The height of fins and other projections should be reduced as much as possible, with rounding at
the base and tips by at minimum 1/16 in. (1.5 mm) radius.
Avoid manufacturing a part from different types of metals or metals with distinctly different
treatments. For example, if a steel stamping is made from mild steel with a case-hardened steel rod
attached, during processing, the mild steel will need to be treated with harsh chemicals to be able
to plate the rod, and severe etching of the mild steel or poor plating on the rod will result.
Influence of Manufacturing Processes on Electroplating
Certain methods of manufacturing a product can cause trouble for a plater, which translates to
higher costs, rejects, and waste generation.
Welding
Welding should be performed using welding material that matches the basis metal as closely as
possible.
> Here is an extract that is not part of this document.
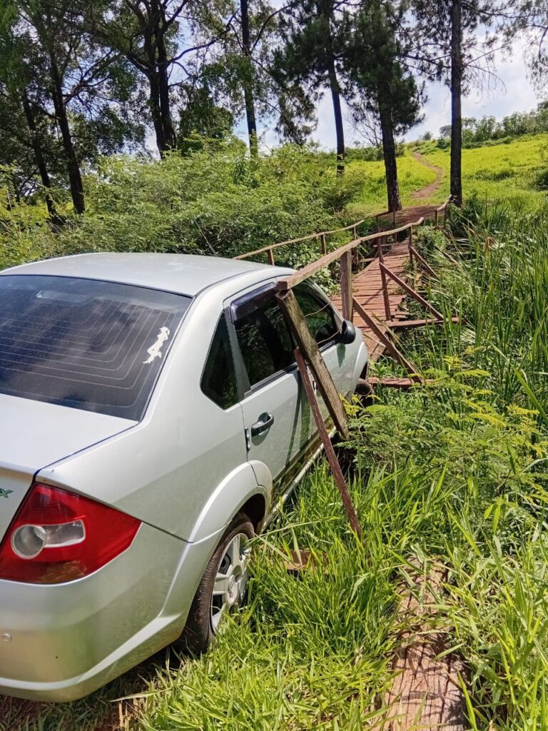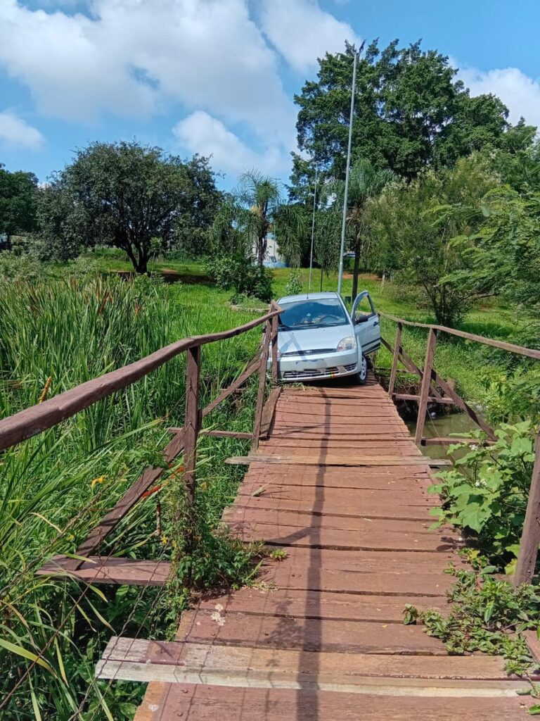 Um fato chamou a atenção dos moradores do entorno da Lagoa da Cosmo, em Cosmópolis, na manhã deste domingo. O condutor de um Ford Fiesta prata tentou atravessar uma ponte destinada exclusivamente a pedestres e acabou ficando completamente enroscado na estrutura de madeira.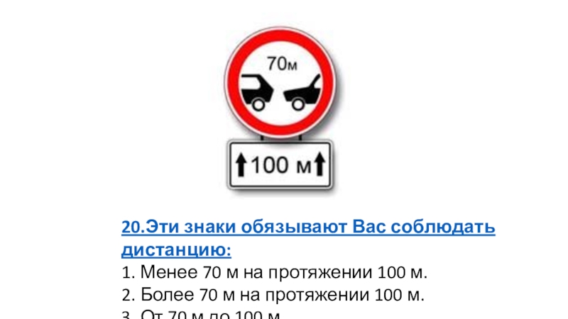 Слайд 2820.Эти знаки обязывают Вас соблюдать дистанцию:

The weld must be pore free. Avoid lap welding, unless the lap can be completely pore free.
Pores in welds and porous laps will trap processing liquids. contaminating the process solutions and
yielding adhesion and appearance problems. Parts that are welded at high temperatures can
develop a scale that will require blasting or pickling to remove. Weld spatter must be avoided, as
these spots will have a reduced amount of corrosion resistance. Spatter should be removed by
grinding/sanding.
Brazing
Brazing yields the same basic problems as welding, except that the creation of dissimilar metals
cannot be avoided. In such cases, the plater must be informed as to what was used to braze the
components together, so that he or she can adjust the preparatory cycle accordingly or make other
modifications to the cleaning of the pari.
Soldering
Soldering should be performed after plating as much as possible. If soldering must be performed
before plating, the operation should be carefully controlled in terms of temperature and fluxing, to
yield as pore free a joint as possible. Avoid use of silver solder, if possible, as this requires extra
preparatory steps by the plater. Remove excessive amounts of flux from the parts before sending
them to the plater.
Drawing
The drawing operation utilizes lubricants that can be either easy or difficult for the plater to remove.
Consult with the plater you intend to use to determine which cause problems. Drawing at the wrong
speed, with poorly maintained equipment, or without adequate lubrication can create surface
fissures that trap plating chemicals or can force lubricant deep into surface defects, yielding
blistering.
Annealing
Annealing at the wrong temperature or in the wrong atmosphere can leave oxides on the surface
that are very difficult to remove.
Case Hardening
Case hardening yields a high-carbon surface that yields large amounts of smut upon cleaning and
pickling. Careful control of the carbon content of the case to the minimum that will still yield the
desired case will reduce plating problems.
Shot Peening
Use of shot media that leave as little residue on the surface of the part is very important to the
plater. Glass beads leave residual glass on the surface that can be very difficult to remove. Cast iron
can leave graphite residues on the surface, which can be difficult to remove. Steel, ceramic, or
stainless steel shot usually results in a surface that is easier for the plater to prepare for plating.